Another crazy weekend is behind me.  Good weekend? I don't know, I guess I'll have to figure out a sliding scale to determine that sort of thing from now on. Saturday with the mom and the rest of the family (May is birthday month) was ok, we had hot dogs and hamburgers and birthday cake out at my brother and sister-in-law's place. Afterwards, Mom and I spent the afternoon together walking out at the dam. 

Later that day, a small catastrophe struck while we were doing a load of laundry. She had turned on the tv, but the remote came up missing. YIKES!!!  We looked high and low, and she eventually (as she usually does) tried to blame my brother for taking it ("He takes things, you know.) Anyway, I zipped down to CVS and bought a universal remote. Took me half an hour to program it, and she didn't like it because it was different, but it worked.

Catastrophe two happened Sunday morning when she came out of her bedroom and asked me who I was and how I got into her house. Absolutely no recognition at all. So after I told her who I was (and she denied it repeatedly), I told her that I would take a shower and leave, and she agreed that was best. When I opened the drawer in her bathroom cabinet to get the curling iron out, lo and behold, there was the remote. I initially thought to go get my $15 bucks back at CVS for the universal, but instead decided to put it away, cause it will undoubtedly happen again. I did manage to get her outside for a little walk before I left, and she was feeling a little better about me (whoever I was).

It's going to take me some time to get used to being a stranger in my mom's eyes.  I can see how upset she is when she can't make a connection, whether it's recognizing someone, finding her purse, or trying to put a name to an object.  She knows that something is wrong with her, and she can't figure out how to fix it.  All we can do as a family is to put our arms around her and reassure her that everything is going to be ok.  And I really hope it will be.

Monday, May 3, 2010

Parenting My Parent

I got to thinking on my way back to Buffalo yesterday how this walk down Alzheimer's Avenue is going to be alot like becoming a parent to a small child.  The questions repeated over and over, the imaginary friends (or strangers), the made-up stories, the bathing and grooming chores, the clingy behavior.  And because I made a concious choice many years ago to remain childless, there is some small resentment building in me that "parenting my parent" is going to be a big part of my foreseeable future.
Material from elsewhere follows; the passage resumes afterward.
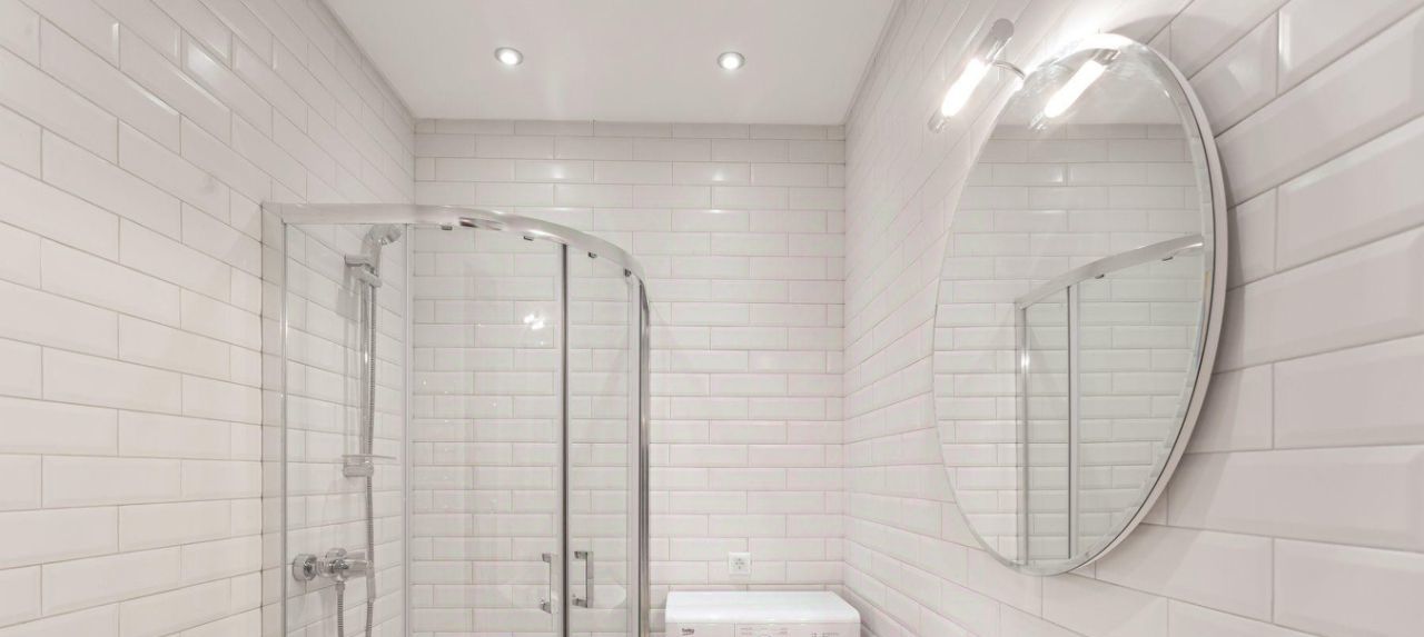 В квартире один совмещенный санузел с душевой кабиной, раковиной, зеркалом с подсветкой и стиральной машиной.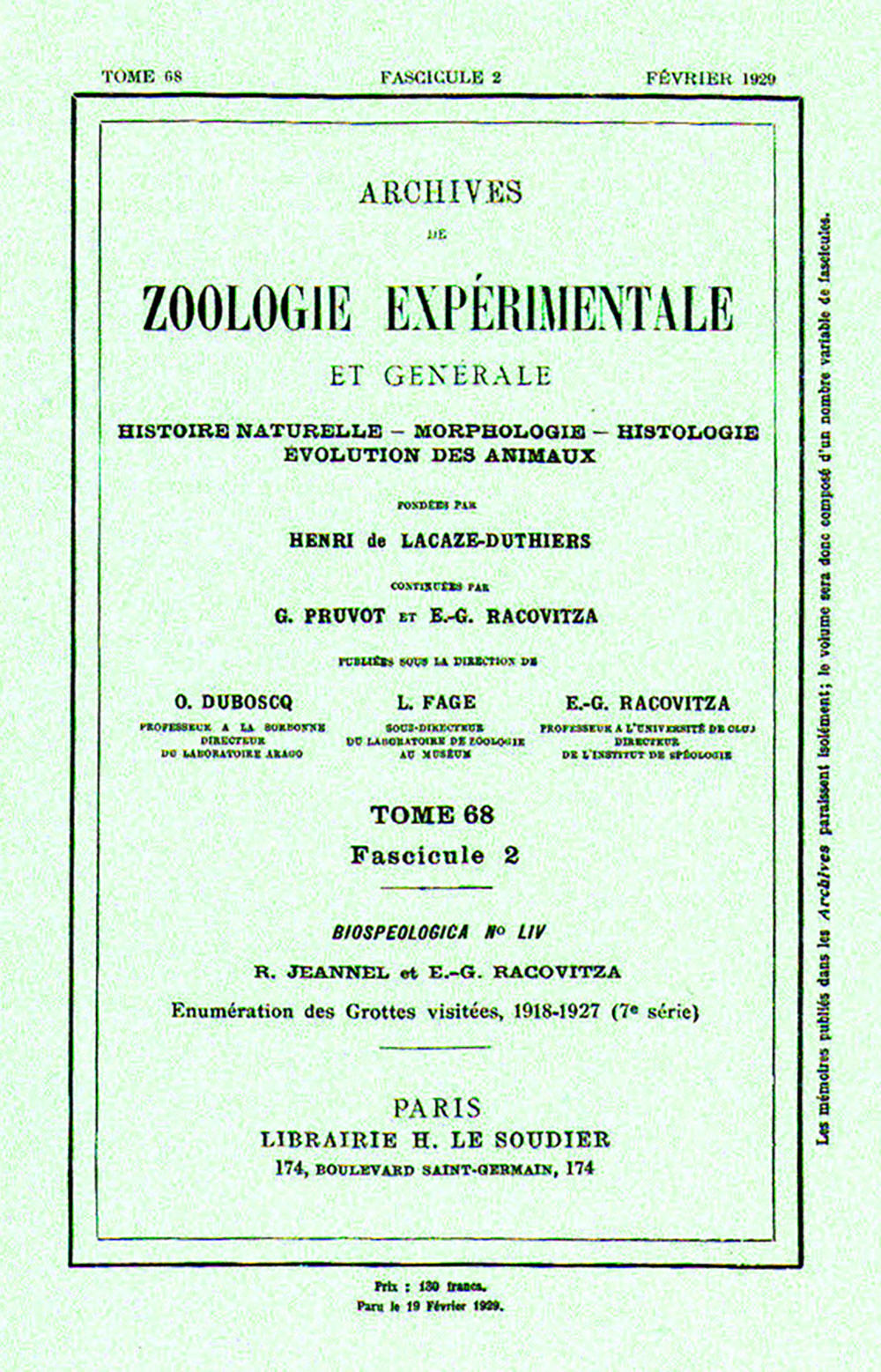 Essai sur les problèmes biospéologiques. Biospeologica I. Archives de Zoologie expérimentale et générale, Paris, 4-ème série, VI, 1907, p. 371-488.

On the flip side, there is a part of me that is beginning to take satisfaction in my ability to learn these new chores.  I'm getting more comfortable curling and combing mom's hair.  Cleaning her house (little by little) and making things better for her - healthwise at least.  Buying groceries.  Helping her choose which clothes to wear.  Holding her hand as we cross the street.

All those things she once did for me.  Funny how the wheel turns.